15 thoughts on “One Word: Gabion”

  1. I’ve built gabion walls. Basically, you assemble wire cage baskets, stack them in a row and fill them with rocks. Repeat until complete….and don’t dump the rocks too fast, unless you want to crush the basket and start all over again.

    One think I wondered about was when the baskets corrode to the point they didn’t contain the rocks. You have time to think of such things while you fill the baskets with rocks.

    1. Well, they say the beauty of the gabion is that the cracks fill with dirt and seeds and then vines and small green things grow out and cover up the rocks. So, natural beauty once again. All you have to do is live long enough to see that happen.

      1. I was interested a few years ago, so I stopped to look at the gabions I’d installed about ten years before. They didn’t appear to be damaged, although they did seem to have more snakes than I wanted to count.

  2. At least that is better than the creek solution for my childhood home in Camp Springs, MD. We had a lovely little creek running through the back yard, a great divider between houses. They encased the whole thing in concrete. No more easy but clear dividing line between the homes, no more fun little creek to play in, just so the house at the end didn’t flood once every 10-15 years?

  3. The Salt River runs through the center of Phoenix. There is no water in the river. None.
    Homeless people live there.

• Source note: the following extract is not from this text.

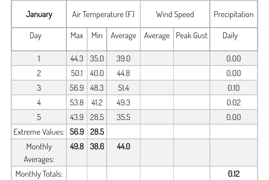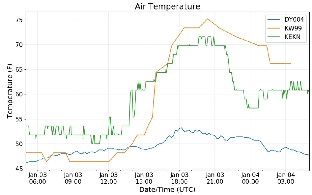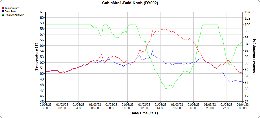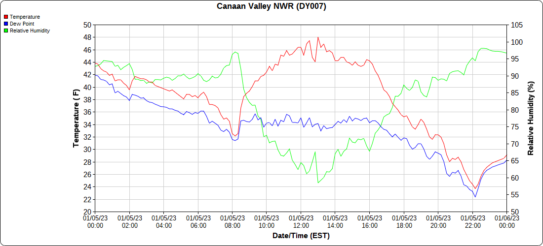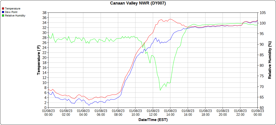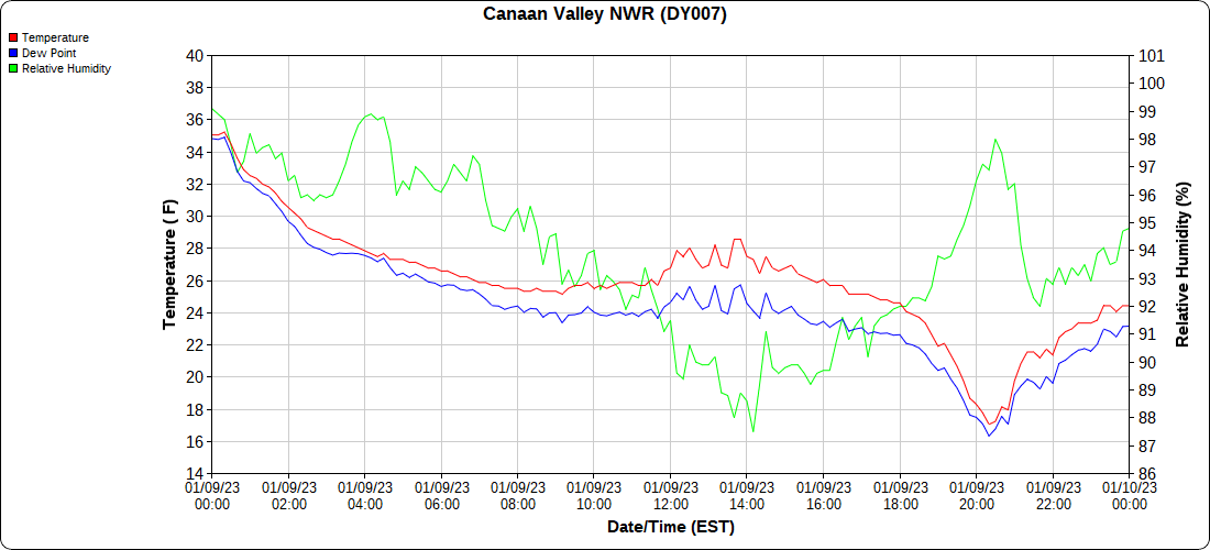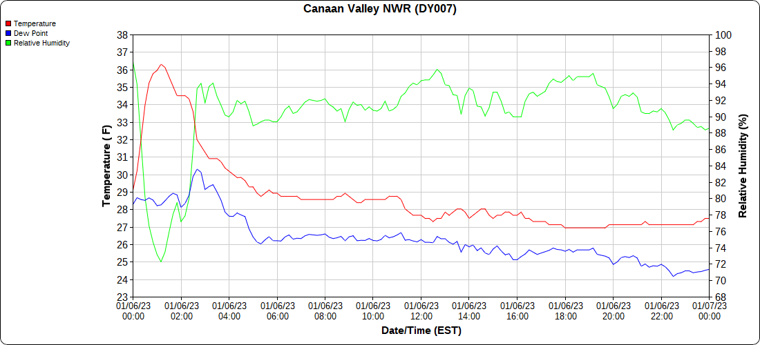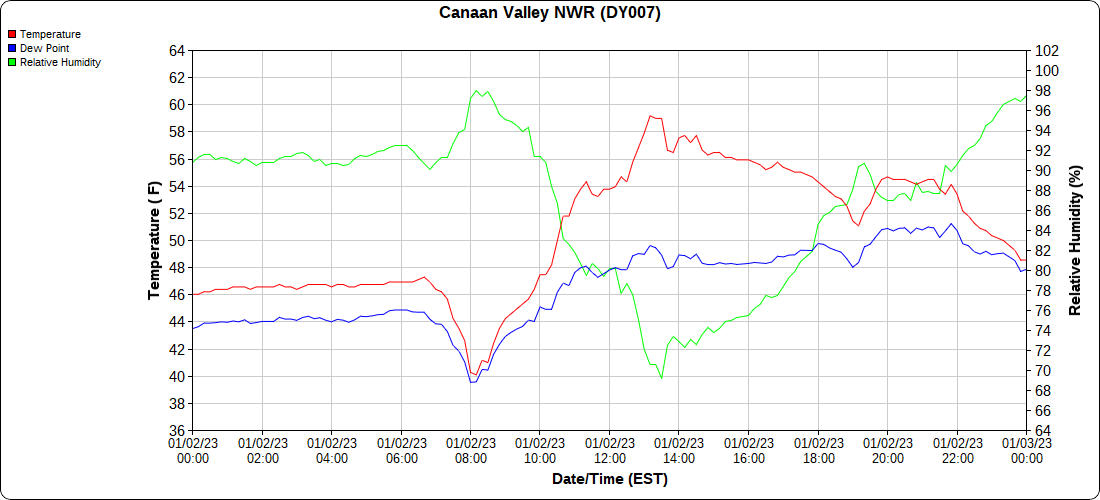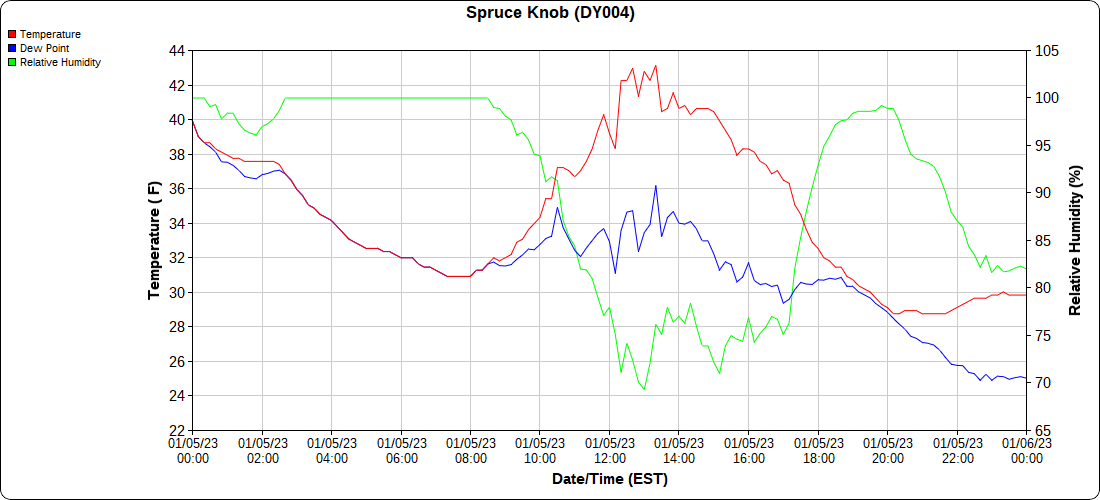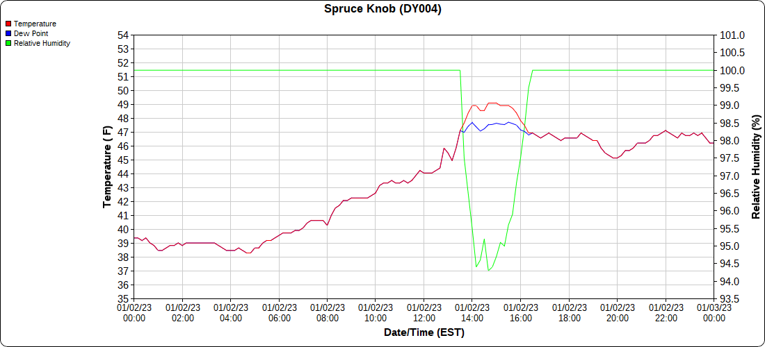 Dy007-Canaan Valley Refuge 3150′, Dy002-Cabin Mt at Bald Knob 4350′, Dy003-Cabin Mt-Western Sods 4035′, Dy004-Spruce Knob 4820′, Cvpw2-Climate Reference Network Canaan 3380′, KW99-Petersburg Grant County Airport 961, K2G4 Garrett County Airport 2933′, KCBE Cumberland Airport 774′, KEKN Elkins Airport 1985′, KMGW Morgantown Airport 1227′, PMN16-Mt.Davis 3038′, KDCA-Reagan National 15′
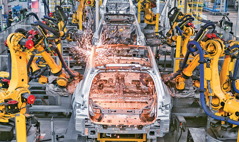 加快發(fā)展新質(zhì)生產(chǎn)力,要推動(dòng)數(shù)字技術(shù)在先進(jìn)制造業(yè)中的應(yīng)用擴(kuò)散,形成兩者之間相互支撐、相互促進(jìn)的良性循環(huán)。圖為2024年1月10日,在理想汽車(chē)常州基地車(chē)間,機(jī)械手臂在進(jìn)行焊接作業(yè)。 新華社記者 季春鵬/攝 發(fā)展新質(zhì)生產(chǎn)力要形成新動(dòng)能。科技創(chuàng)新、產(chǎn)業(yè)創(chuàng)新、企業(yè)創(chuàng)新、市場(chǎng)創(chuàng)新、產(chǎn)品創(chuàng)新、業(yè)態(tài)創(chuàng)新、管理創(chuàng)新等各領(lǐng)域的創(chuàng)新,以及這些創(chuàng)新成果在更大范圍內(nèi)的擴(kuò)散應(yīng)用,共同構(gòu)成了支撐高質(zhì)量發(fā)展的新動(dòng)能,是新質(zhì)生產(chǎn)力的整體呈現(xiàn)。根據(jù)國(guó)家統(tǒng)計(jì)局?jǐn)?shù)據(jù),2022年,我國(guó)以新產(chǎn)業(yè)、新業(yè)態(tài)、新商業(yè)模式為核心內(nèi)容的“三新”經(jīng)濟(jì)增加值為210084億元,相當(dāng)于國(guó)內(nèi)生產(chǎn)總值的比重為17.36%。2023年全年,規(guī)模以上工業(yè)中裝備制造業(yè)增加值比上年增長(zhǎng)6.8%,占規(guī)模以上工業(yè)增加值比重為33.6%;高技術(shù)制造業(yè)增加值增長(zhǎng)2.7%,占規(guī)模以上工業(yè)增加值比重為15.7%。新能源汽車(chē)產(chǎn)量944.3萬(wàn)輛,比上年增長(zhǎng)30.3%;太陽(yáng)能電池(光伏電池)產(chǎn)量5.4億千瓦,增長(zhǎng)54.0%;服務(wù)機(jī)器人產(chǎn)量783.3萬(wàn)套,增長(zhǎng)23.3%;3D打印設(shè)備產(chǎn)量278.9萬(wàn)臺(tái),增長(zhǎng)36.2%。規(guī)模以上服務(wù)業(yè)中,戰(zhàn)略性新興服務(wù)業(yè)企業(yè)營(yíng)業(yè)收入比上年增長(zhǎng)7.7%。總的看,我國(guó)新動(dòng)能正持續(xù)成長(zhǎng)壯大,成為推動(dòng)高質(zhì)量發(fā)展的重要?jiǎng)恿υ础?/p> 三、加快發(fā)展新質(zhì)生產(chǎn)力,要抓好改造提升傳統(tǒng)產(chǎn)業(yè)、培育壯大新興產(chǎn)業(yè)、超前布局建設(shè)未來(lái)產(chǎn)業(yè) 現(xiàn)代化產(chǎn)業(yè)體系是現(xiàn)代化國(guó)家的物質(zhì)技術(shù)基礎(chǔ)。習(xí)近平總書(shū)記強(qiáng)調(diào):“要及時(shí)將科技創(chuàng)新成果應(yīng)用到具體產(chǎn)業(yè)和產(chǎn)業(yè)鏈上,改造提升傳統(tǒng)產(chǎn)業(yè),培育壯大新興產(chǎn)業(yè),超前布局建設(shè)未來(lái)產(chǎn)業(yè),加快構(gòu)建以先進(jìn)制造業(yè)為支撐的現(xiàn)代化產(chǎn)業(yè)體系。”這一重要論述指明了加快發(fā)展新質(zhì)生產(chǎn)力的基本路徑。 改造提升傳統(tǒng)產(chǎn)業(yè)。一是推動(dòng)邁向價(jià)值鏈中高端。深入實(shí)施制造業(yè)重大技術(shù)改造升級(jí)和大規(guī)模設(shè)備更新工程,加快先進(jìn)適用技術(shù)推廣應(yīng)用。鼓勵(lì)面向傳統(tǒng)制造業(yè)重點(diǎn)領(lǐng)域開(kāi)展關(guān)鍵共性技術(shù)研究和產(chǎn)業(yè)化應(yīng)用示范。完善科技成果信息發(fā)布和共享機(jī)制。推動(dòng)傳統(tǒng)制造業(yè)優(yōu)勢(shì)領(lǐng)域鍛長(zhǎng)板,推進(jìn)強(qiáng)鏈延鏈補(bǔ)鏈,加強(qiáng)新技術(shù)新產(chǎn)品創(chuàng)新迭代。支持企業(yè)聚焦基礎(chǔ)零部件、基礎(chǔ)元器件、基礎(chǔ)材料、基礎(chǔ)軟件、基礎(chǔ)工藝和產(chǎn)業(yè)技術(shù)基礎(chǔ)等薄弱領(lǐng)域,加快攻關(guān)突破和產(chǎn)業(yè)化應(yīng)用,強(qiáng)化傳統(tǒng)制造業(yè)基礎(chǔ)支撐體系。實(shí)施卓越質(zhì)量工程。二是加快數(shù)字化、網(wǎng)絡(luò)化、智能化改造。促進(jìn)人工智能、大數(shù)據(jù)等技術(shù)與制造全過(guò)程、全要素深度融合,利用數(shù)字技術(shù)對(duì)傳統(tǒng)產(chǎn)業(yè)進(jìn)行全方位、全鏈條改造,推動(dòng)產(chǎn)業(yè)數(shù)字化。支持重點(diǎn)行業(yè)建設(shè)“產(chǎn)業(yè)大腦”,匯聚行業(yè)數(shù)據(jù)資源,推廣共性應(yīng)用場(chǎng)景,服務(wù)全行業(yè)轉(zhuǎn)型升級(jí)和治理能力提升。三是強(qiáng)化綠色低碳發(fā)展。加快綠色科技創(chuàng)新和先進(jìn)綠色技術(shù)推廣應(yīng)用,做強(qiáng)綠色制造業(yè),發(fā)展綠色服務(wù)業(yè),壯大綠色能源產(chǎn)業(yè),發(fā)展綠色低碳產(chǎn)業(yè)和供應(yīng)鏈,構(gòu)建綠色低碳循環(huán)經(jīng)濟(jì)體系。制修訂一批低碳、節(jié)能、節(jié)水、資源綜合利用、綠色制造等重點(diǎn)領(lǐng)域標(biāo)準(zhǔn),促進(jìn)資源節(jié)約和材料合理應(yīng)用。持續(xù)優(yōu)化支持綠色低碳發(fā)展的經(jīng)濟(jì)政策工具箱,發(fā)揮綠色金融的牽引作用,打造高效生態(tài)綠色產(chǎn)業(yè)集群。 培育壯大新興產(chǎn)業(yè)。一是強(qiáng)化市場(chǎng)引領(lǐng)作用。加快全國(guó)統(tǒng)一大市場(chǎng)建設(shè),著力破除各種形式的地方保護(hù)和市場(chǎng)分割,充分發(fā)揮我國(guó)超大規(guī)模國(guó)內(nèi)市場(chǎng)優(yōu)勢(shì),持續(xù)擴(kuò)大新興產(chǎn)業(yè)市場(chǎng)空間、豐富應(yīng)用場(chǎng)景,加速新興產(chǎn)業(yè)規(guī)模擴(kuò)容和技術(shù)迭代,推動(dòng)更多新興產(chǎn)業(yè)發(fā)展壯大為支柱產(chǎn)業(yè)。抓住新能源汽車(chē)、鋰電池等新產(chǎn)品快速發(fā)展的有利時(shí)機(jī),推動(dòng)

We have canals filled with water diverted from the River and every year someone falls into the canal and can’t climb back out. Drowns.
    We don’t have greenery borders, we build wooden or concrete fences between houses.
    Cacti are protected species here in Arizona and there are about 60 zillion of them growing in the desert.

    We have “washes” that carry rain water during storms and usually trap some dumb motorist that has to be rescued.
    Drivers panic when it rains here. We don’t have creeks.
    Viva la difference.

    1. Speaking of soulless bastards, the banks of the ravine are riddled with muskrat holes. Where I wonder will they be relocating? I’m not concerned about their welfare, only about my garden beds.

      And the damn rabbits, too.

  4. Ahem. State Open Waters are regulated by NJDEP, nor US EPA. Please correct all future correspondence (and your TPS reports were improperly collated).

    Could be worse. They could have re-defined the area as wetlands at which point the 1987 Freshwater Wetlands Act would have kicked in. This would have caused you to lose control of any changes or improvements you wanted to make on your property within 50′ of the delineation, subject to a Letter of Interpretation. Also regulated would be grass cutting, dumping of clippings or mulch, branches and debris. Fertilizing or other use of lawn chemicals? Forget it. The shed would have to be demolished or moved by hand (heavy equipment would require a separate permit). All paperwork would have to be appended to the deed of title should you ever wish to sell or transfer the property.

    Of course, if the creek is re-classified as for C-1 Trout production (albeit unlikely) all of the above would apply except the distance would increase to 150′.

    BTW, I am not making this up. So shaddap and count yourself lucky! This is NJ. We can make make your life miserable with a stroke of a pen.

    1. Would that be Jersey’esque eye candy? I’m thinking The Situation. I’d have to pass, I’m more of a Huge Jackman kinda girl.

      Hmm… what does one imbibe while enjoying eye candy?